When Donald Trump swept into power, Obama had just set the unenviable record of the longest time at war of any American president. One of Trump’s campaign platforms was bringing an end to America’s endless spending of blood and treasure in the Middle East. Americans, worn by more than a decade of war for very little noticeable return, concurred.

Trump has gone some way to fulfilling that promise. So, what’s behind all the sabre-rattling in the Persian Gulf, now? Is Trump really foolish enough to pick another war with another Islamic regime in the Middle East? quote.

Whatever other assets and liabilities he brings to the table, Donald Trump certainly offers this: he is a master at sowing uncertainty, so neither friend nor foe really knows what he’s up to.

And so it is right now with Iran, where the US President and his aides have in the past two weeks alternately raised and lowered fears about armed conflict. end quote.

The US has advised commercial aviation operators to avoid the Persian Gulf. Bahrain has ordered its citizens to quit Iran and Iraq. There are rumours of some western governments cancelling defence force leave. What’s goin’ on? as Marvin Gaye might say. quote.

It’s confusing, which may be the goal. Yet the underlying question is simple: what is Trump really trying to accomplish? end quote.
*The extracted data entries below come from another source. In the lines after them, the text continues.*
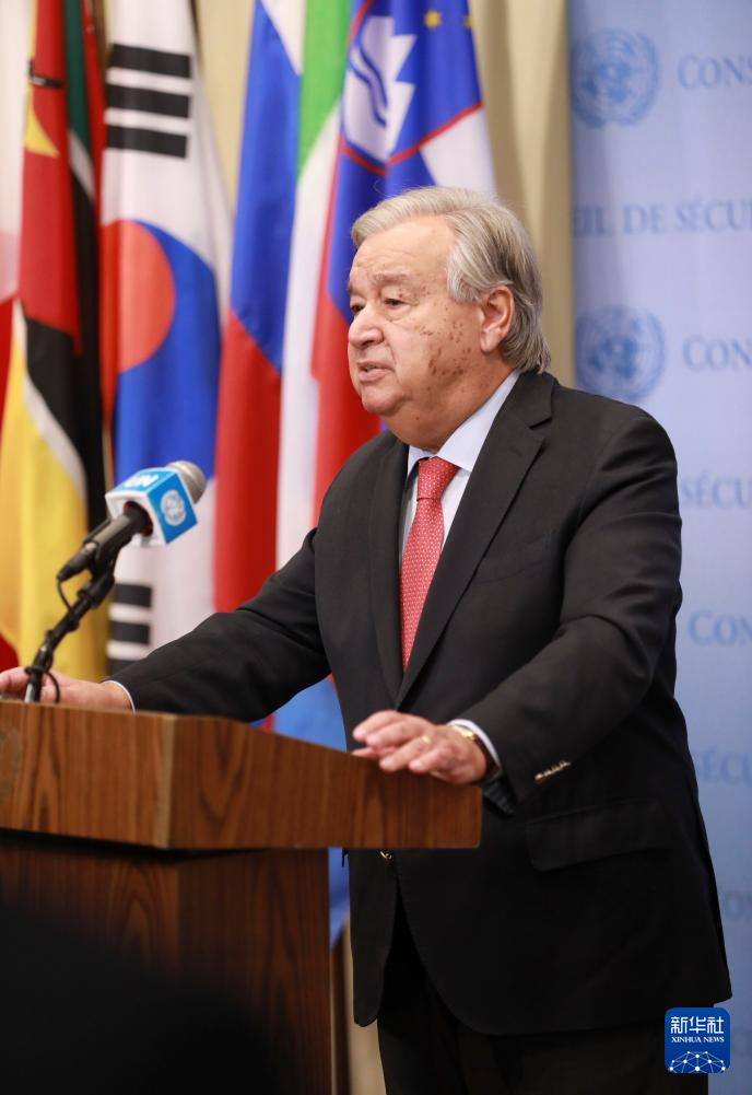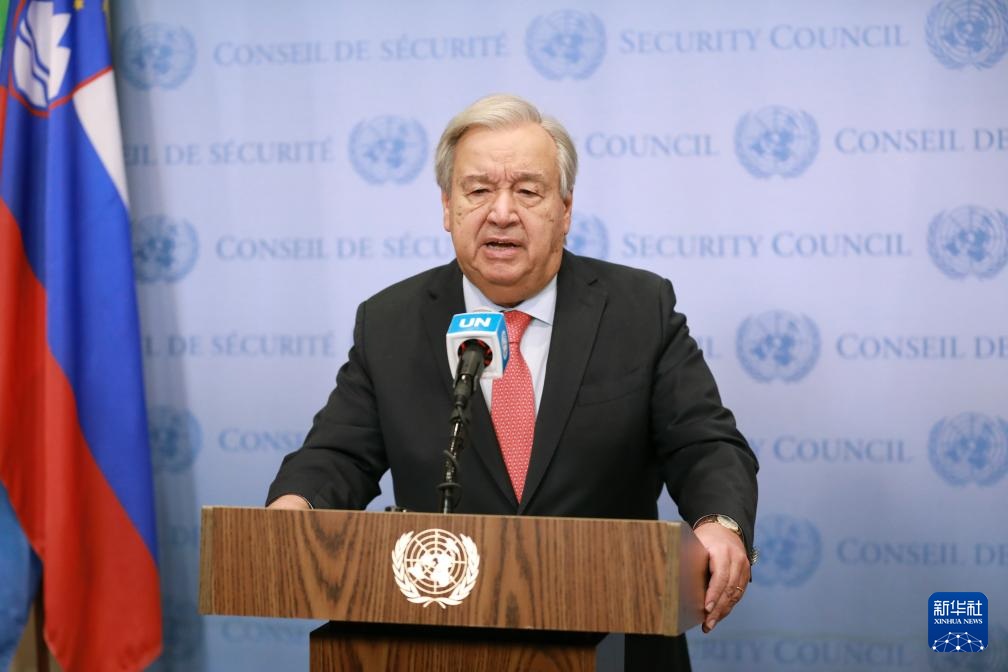 10月8日,在位于纽约的联合国总部,联合国秘书长古特雷斯(上右一)对媒体讲话。新华社记者 谢锷 摄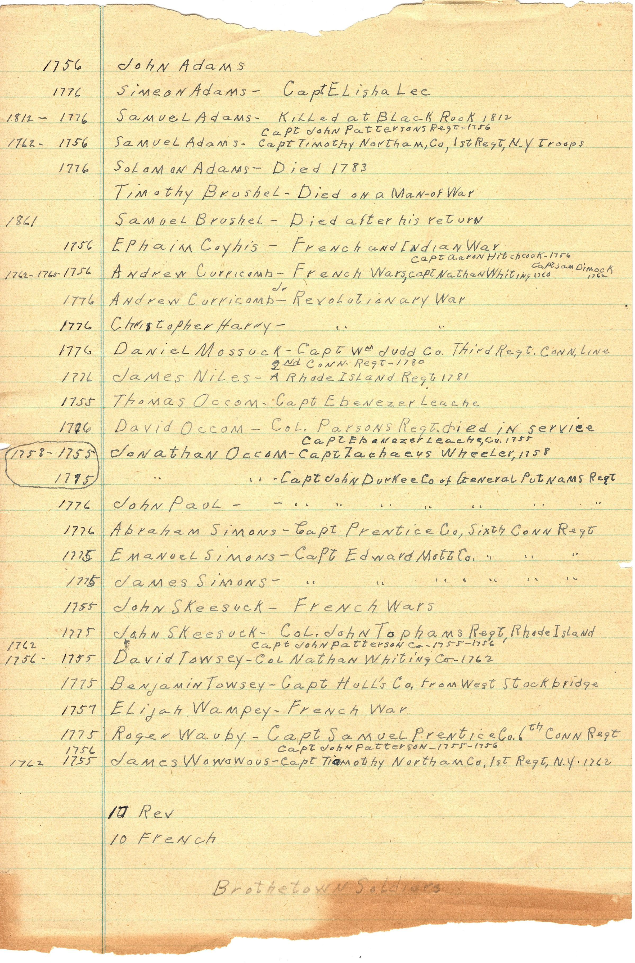 Single sheet of legal, lined paper with a list of dates and names of soldiers. Dates are all between 1756-1776. Names include: John Adams, Simeon Adams, Ephraim Coyhis, and James Wowowoos". Next to most of the names are the names of captains, wars, and death information. At the bottom written in pencil is "Brothertown Soldiers". The list seems to list 17 soldiers in the Revolutionary war and 10 in the French and Indian war.Collection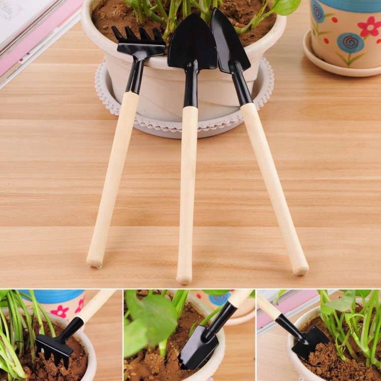 Bộ cuốc xẻng mini trồng cây cảnhTrọn bộ sản phẩm gồm 3 sản phẩm: cuốc, xẻng và cào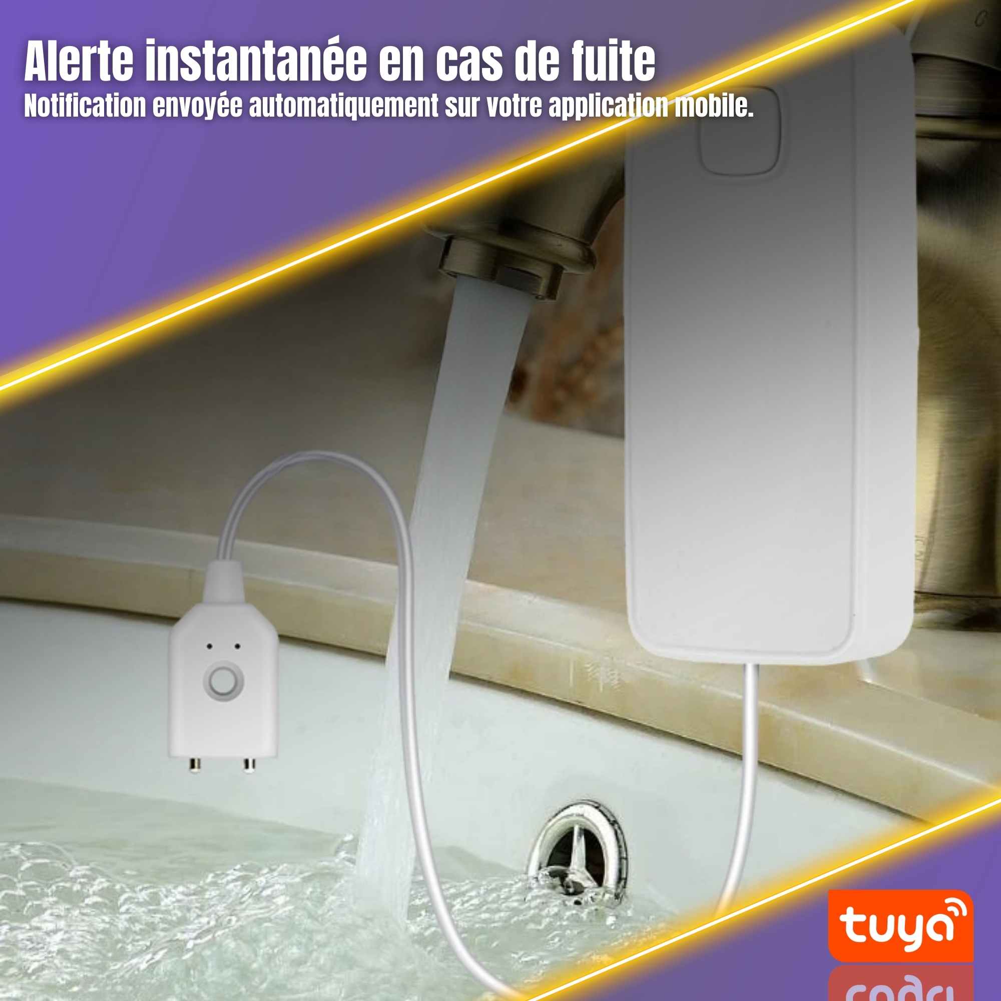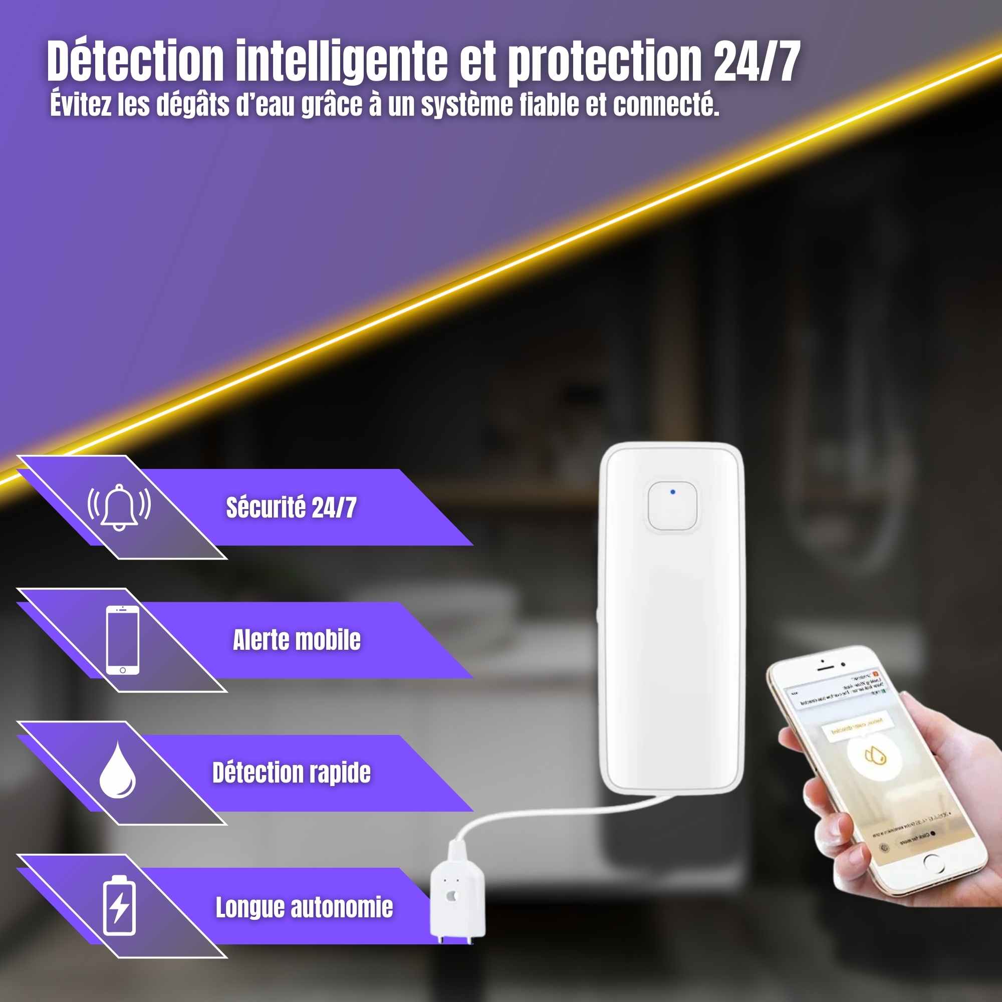 Le système combine une alarme sonore de 80 dB pour alerter les personnes sur place et l'envoi d'une notification immédiate sur votre smartphone via l'application Smart Life ou Tuya.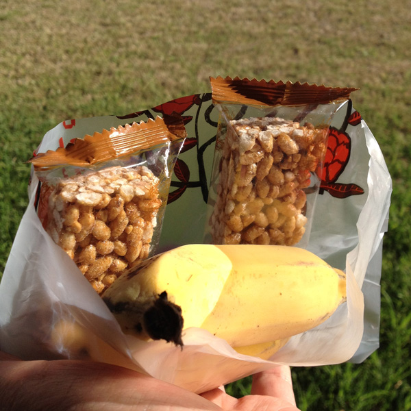 鞄の中には、おこしとバナナが入っていて、小さな声で『とってください。』と声がしました。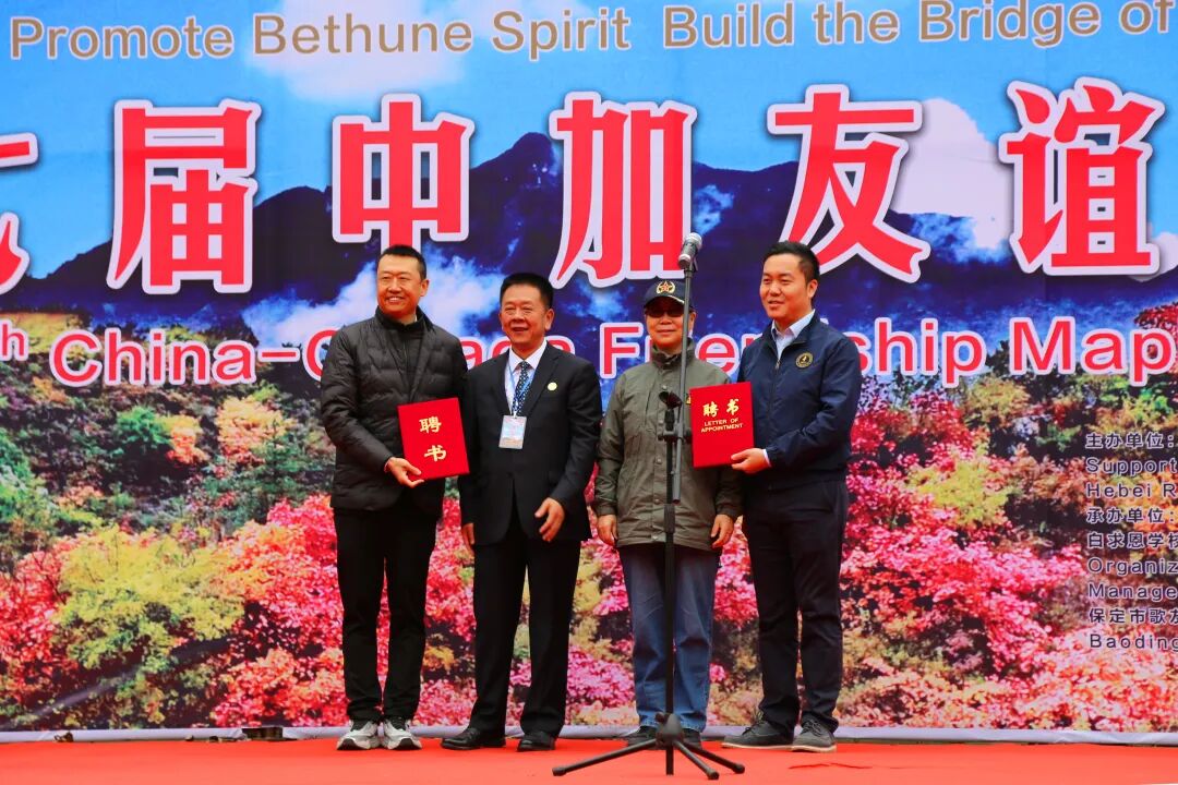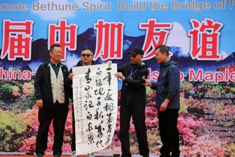 中国白求恩精神研究会原常务副会长兼秘书长蔡国军(右二)向活动承办方转赠了中国白求恩精神研究会老会长袁永林将军为本届枫叶节题写的书法贺词:一年一度枫叶尽染白银坨,千秋万代青山永记白求恩

Trump has used confusion to great effect in some of his biggest foreign policy fights. Making big threats that his opponents can never be quite sure he wont carry out has worked well, from NATO to North Korea. But Trump is not the hawk that Hillary was. He’s a president who seems genuinely committed to avoiding actual war.

His detractors might call it “isolationism”, but to war-weary American voters, especially the blue-collar voters whose sons and fathers are the ones most likely to be on the firing line, it’s a welcome change. Trump would be crazy to forget that. quote.

Trump almost certainly doesn’t seek armed conflict with Iran. He’s gone out of his way to avoid or end clashes involving American forces in Syria, Iraq, Afghanistan and North Korea, and has done little to suggest a military move against Venezuela.

Meantime, the President and his adviser and son-in-law Jared Kushner were on the diplomatic track in the region. end quote.

So, what’s with all the sabre-rattling? quote.

What Trump and his team are trying to do, however, is to use economic sanctions to generate unprecedented pressure on Iran, with two quite different purposes in mind.

The first is to create enough economic distress in Iran that the regime could buckle under the weight of popular discontent. This isn’t explicitly a regime-change strategy, but it’s close…Trump aides point to outbursts of protest in the streets of Iranian cities as a sign that, maybe, something is different now…

The second potential goal is quite different from regime change. It is to drive Iran’s top leaders back into a conversation with the US, perhaps with Trump himself.

This seems implausible amid the poisonous atmosphere that now prevails. Yet…the pattern of his engagement with Iran now — economic pressure, international isolation, harsh threats, military manoeuvring — matches precisely the track Trump followed before he opened negotiations with North Korean leader Kim Jong-un. end quote.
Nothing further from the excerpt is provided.